How to get the agent id in skill

We recommend that you write your skill as stateless, which helps save memory. When you need to get the runtime context, you can get it from the parameters of the _run function.

from langchain_core.runnables import RunnableConfig

class YourSkillInput(BaseModel):
    foo: str = Field(description="A string parameter")
    bar: int = Field(description="An integer parameter")

class YourSkill(TwitterBaseTool):
    async def _arun(self, config: RunnableConfig, **kwargs) -> str:
        context = self.context_from_config(config)
        print(context)
        return f"I'm running in agent {context.agent.id}"

Here is the context definition:

class SkillContext(BaseModel):
    agent: Agent
    config: SkillConfig
    user_id: str
    entrypoint: Literal["web", "twitter", "telegram", "trigger"]

If you have optional parameters in _arun, you can put them after config: RunnableConfig. Because the agent always use parameter name to pass the parameters.

How to add custom skill config

Some times you may need to add custom config to the skill.

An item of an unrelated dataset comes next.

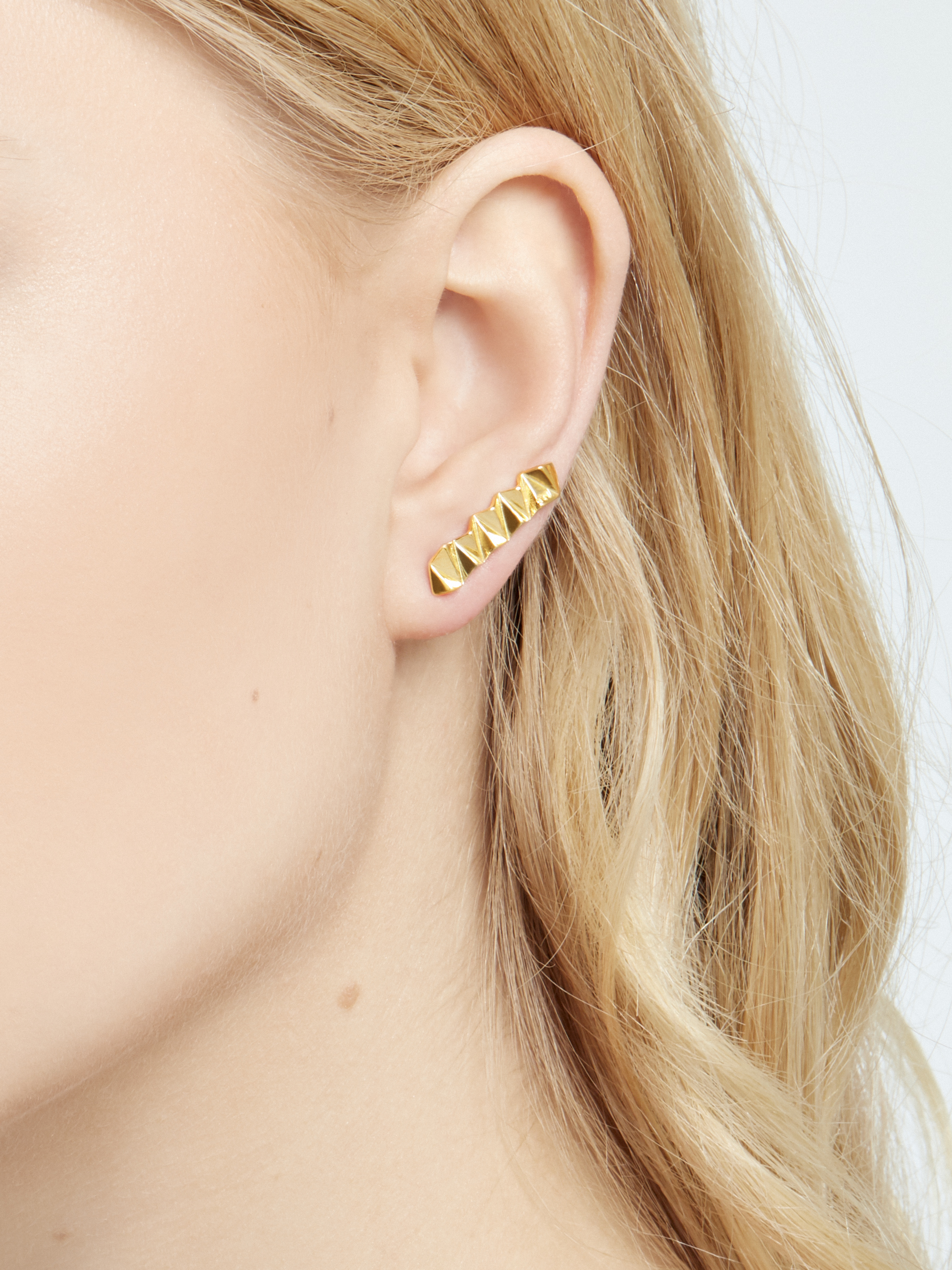 €54Earrings in the shape of a bent form resembling a folded cardboard. The earrings have guides that allow the earring to be inserted through the hole and then placed along the ear looking like an ear cuff. Dimension: 2.8 cm. The product is made of yellow Vermeil gold.

Like an api key, or behavior choices for agents.

In __init__.py

class Config(SkillConfig):
    """Configuration for your skills."""

    states: SkillStates
    api_key: str

Then it can be defined in the agent config.

id: my-test-agent
skills:
  your_new_skill_category:
    states:
      your_skill: public
    api_key: your_api_key

You can get it from context when you need it.

How to use more packages in skill

Please find in the pyproject.toml for the available packages.

Like for http client, we suggest you use the async client of httpx.

If you need to use other packages, please add them to the pyproject.toml use poetry add.

How to store data in skill

You can use the skill_store to store data in the skill. It is a key-value store that can be used to store data that is specific to the skill.

You can store and retrieve a dict at these levels:

  • agent
  • thread
  • agent + user

How to write on-chain skills

You can use the CdpClient to write on-chain skills.

Get the agent id from context, then use agent id and self.store to initialize the CdpClient.

How to add api key to system level

You may want to add an api key of specific service to the system level. Then every agent can share this api key, no longer need to add it in the config.

When you contribute a new skill category, please add it in skill config first. If we find it is a common service, the IntentKit team will add it to the system level.